The secret superhero group the Illuminati are eventually revealed to have visited both the Kree and Skrull Empires and advised the aliens that involving Earth in their war would not be tolerated.

== Sequels ==
A supplemental story appeared in New Avengers: Illuminati (vol. 2) #1 – 5 (Feb. 2007 – Jan. 2008), recounting the adventures of a team that Iron Man assembled after the war consisting of himself, Black Bolt, Mister Fantastic, Professor X, Namor, and Doctor Strange, feeling that all of them together possessed information that could have averted Earth's involvement in the war if they had worked together. Issue #1 recounts the group's ill-fated confrontation with the Skrull emperor Dorrek, shortly after the Kree–Skrull War. In issue #5, Iron Man brings the Elektra Skrull's corpse to the group. Subsequently, they are attacked by a group of Super-Skrulls, including one who had been impersonating Black Bolt.

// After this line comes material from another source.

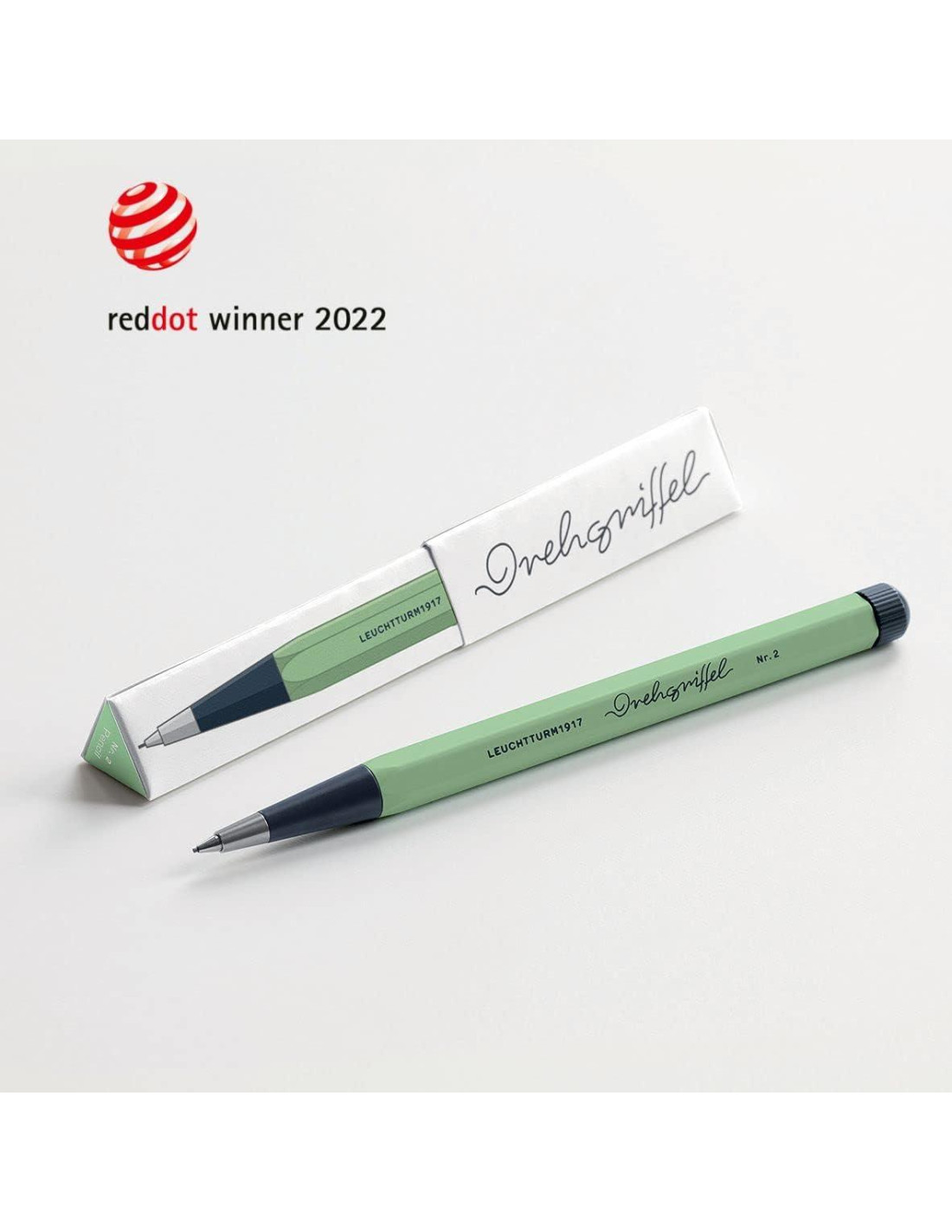 Inspirado en el diseño original del instrumento de escritura más antiguo del mundo que existió en 1920, el Drehgriffel Nr.2 tiene una impresionante silueta hexagonal. La punta cónica y el mecanismo de giro presentan un color contrastante con el cuerpo. Nombrado como un homenaje a la cultura de la escritura. Combina la palabra Drem (giro) asociada con el mecanismo de giro y Griffel (pluma) derivada del instrumento de escritura más antiguo en el idioma griego grapheon = instrumentos de escritura. El mecanismo de giro y los recambios también se fabrican en Alemania y han ganado numerosos premios de diseño. El DREGLIFLE No. 2 mecánico se fabrica en Alemania y la cabeza de giro abrirá la cremallera de la punta y la mina se extruirá hacia adelante. Cuando el mecanismo de giro está de vuelta, la cremallera se cierra y la mecha se mantiene en su lugar. El núcleo se puede restaurar en múltiples recambios y viene con un mecanismo de cámara para empujar el siguiente recambio tan pronto como se usen los recambios.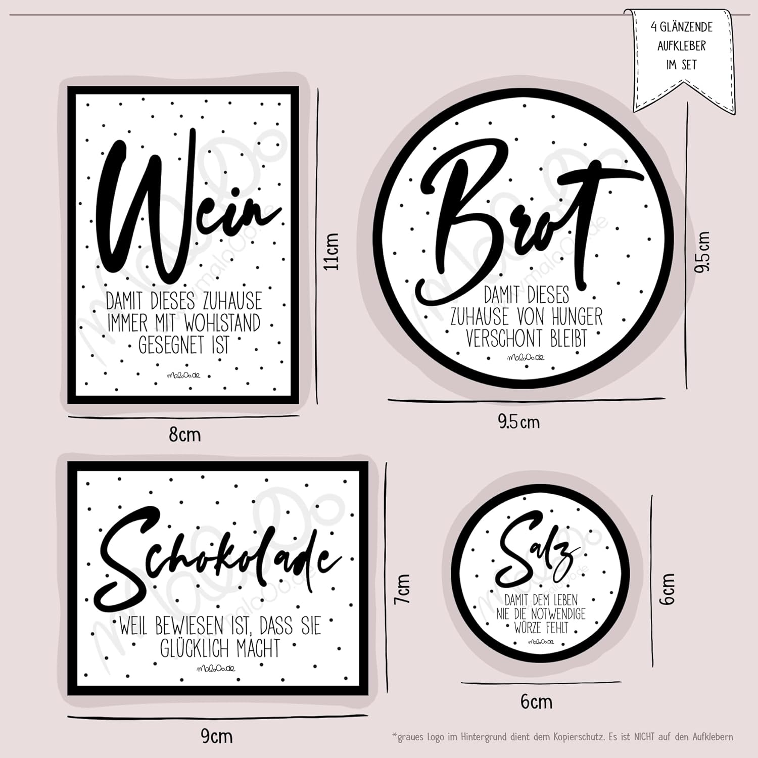 Mit diesem modernen Einweihungsgeschenk-Aufkleberset von maloOo Geschenke verzieren Sie das traditionelle Brot- und Salzgeschenk zur Einweihung im Handumdrehen. So wird der Geschenkkorb mit Sicherheit ein Hingucker und das Einweihungsgeschenk wird den Beschenkten viel Freude bereiten.

This issue tied the Kree–Skrull War with the ongoing crossover storyline Secret Invasion.

===Tie-ins===
The nature of Rick's strange power at the story's conclusion is revealed in Avengers Forever, where it is identified as the Destiny Force, a manifestation of human potential.

During Captain America Reborn, when Captain America was sent bouncing randomly through time by a weapon devised by the Red Skull, during a brief visit to the time of the Kree–Skrull war, he took advantage of the opportunity to isolate himself and the Vision from the conflict long enough to give the Vision a message that the Vision would subsequently 'delete' from his conscious memory until the time came for him to recall it, allowing Captain America to communicate with the present without changing history.

In Marvel Team-Up #5, Spider-Man and Vision learn that a Skrull scout from the Kree–Skrull War is interfering with the Vision's brainwaves.

==Collected editions==
The Avengers storyline was collected in a trade paperback:
- The Avengers: Kree-Skrull War (208 pages, August 2000, ISBN 0-7851-0745-2, May 2008, ISBN 0-7851-3230-9)

==In other media==
===Television===
- The Kree–Skrull War was going to be adapted in the Silver Surfer animated series prior to its cancellation.
- The Kree–Skrull War was adapted for the second season of The Avengers: Earth's Mightiest Heroes animated series.

===Film===
Captain Marvel features the mythology of the Kree–Skrull War. In the film, the conflict is depicted as one-sided, with the Skrulls being the victims of the Kree's genocidal war. The Kree Mar-Vell goes against her people and travels to Earth to help Skrull refugees escape from Kree forces. Carol Danvers was brainwashed by the Kree to fight the Skrulls. When she discovers the truth, she rebels against her former masters and helps the Skrulls find a new homeland.